German Alexeyevich Fyodorov-Davydov (Герман Алексеевич Фёдоров-Давыдов; 17 July 1931 – 13 April 2000) was a Russian archaeologist and numismatist. He was a leading expert on the nomadic civilizations of the Middle Ages and their coinage. His excavations of the medieval towns on the banks of the Volga River (in its lower reaches) opened a new chapter in the study of the Golden Horde. He also excavated the Sarmatian and Bronze Age kurgans (mostly in the Astrakhan Oblast) and explored the remains of Old Urgench.

== Life and achievements ==
German Fedorov-Davydov was born in a family of highly educated, impoverished nobility, with old tradition of science; one of his ancestors was a rector of the Moscow University in the 19th century. His father Aleksei Fedorov-Davydov, was a Soviet art historian and university professor.

German Fedorov-Davydov graduated from the Moscow State University (historical division) in 1954 majoring in archeology. In 1969 he became a professor in the Archeology Institute of the USSR Academy of Science, his post-graduate and doctoral monographs were "Altyn Orda coin hoards" (1957), and "East European Nomads from 10th to 14th centuries" (1966). From 1960, he taught at the Moscow State University.

German Fedorov-Davydov was a field archeologist. From 1950 he constantly participated in archeological expeditions: to Khwarazm, Tatarstan, Chuvashia, Tunis, Mongolia, South Korea. From 1960 to 1990, Fedorov-Davydov headed the Volga regional archeological expedition of the Moscow University and Archeology Institute. In his publications German Fedorov-Davydov illuminated actual historical problems almost state-forbidden at that time. German Fedorov-Davydov was instrumental in organization of wide scale excavation of the capital Sarai (Sarai Berke and Sarai Djadid, New and Old Sarais), and other cities in the Volga region. G. Fedorov-Davydov continued traditions of pre-revolutionary numismatists (such as Christian Martin Frähn), contributing to the knowledge in the field, including the birth and development of the Russian monetary system and terminology.
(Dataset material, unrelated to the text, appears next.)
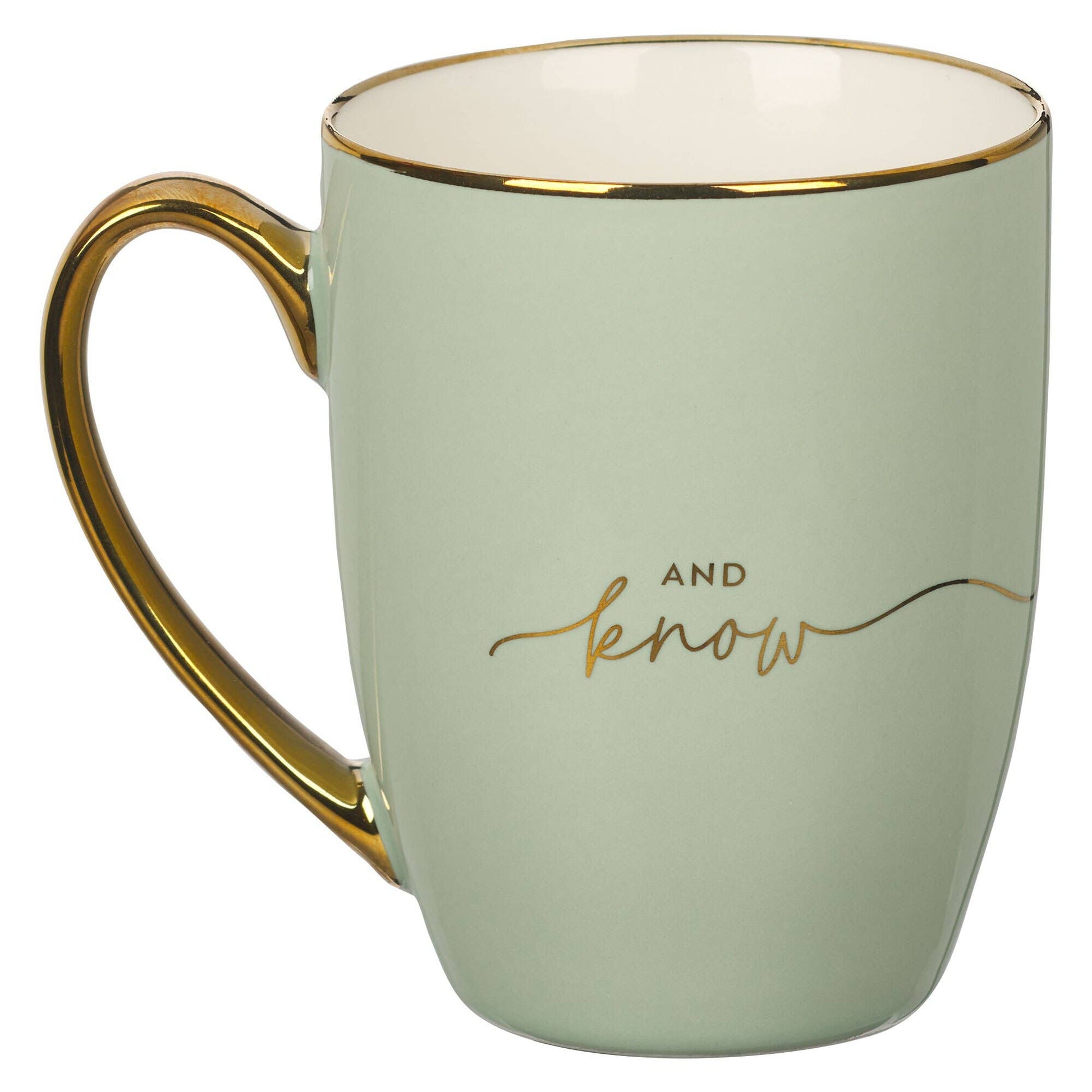 Soft green background, Gold-foiled text, Be still and know, Ceramic mug, Metallic gold rim and handle, Milky white interior, Not microwave and dishwasher safe due to delicate foil, Handwash recommended, Packaged in a tuck-top Kraft cardboard box, Packaging dimensions: 4.4" x 4.7" x 3.5" (112 x 119 x 89mm) Capacity: 12 fl. oz. (355 ml)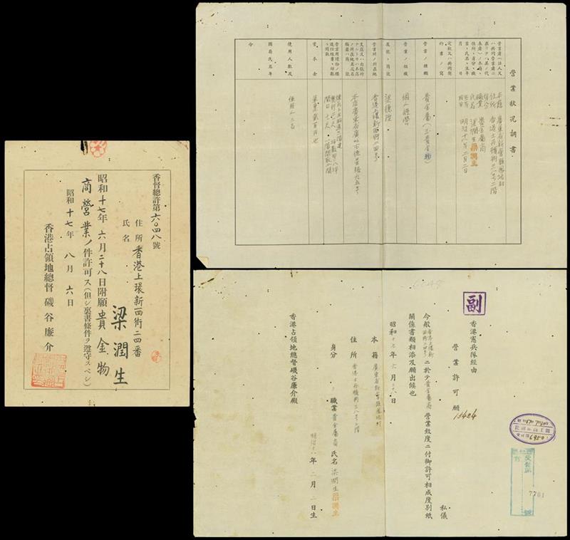 Commerical License under the Japanese Occupation of Hong Kong, a pieces of documentation issued to allow a Mr. Leung Tak Sing to sell jade and precious metals at an address in Sheung Wan, the other two documents concerns about the nature of the business, the capital (200 military yen), the owner's residential address and place of birth, approved by the Japanese Governor of Hong Kong, Rensuke Isogai, who served from 20th February 1942 to 24th December 1944,

German Fedorov-Davydov is an author of about 230 scientific and popular-scientific works, including 26 books. His monographs "East European Nomads under rule of Altyn Orda Khans" (1966), "Social order of Golden Horde" (1973), "Art of nomads and Golden Horde" (1976) became classical for the period of Early Middle Age world of the Euroasian steppes. His books were published in England, Germany, Belgium, Hungary, Poland, Estonia, among them are "City Culture of the Golden Horde" (Oxford, 1984), "Städte der Golden Horde an der unteren Wolga" (Munich, 1984), "Le tresor de Saransk Les Monnaies de la Russie Moskovit 14 et 15 ieme Siecle" (Belgium, 1985), "Le tresor de Saransk Les Monnaies de la Principaute de Nijegorod. 14-15 Siecles" (Belgium, 1992). The work "Coins tell" ("World", 1986, republished again in 1990) was even published in Marathi and Telugu Indian languages.

German Fedorov-Davydov was a member of Academy of Natural Sciences of the Russian Federation, and corresponding member of the German Archaeological Institute.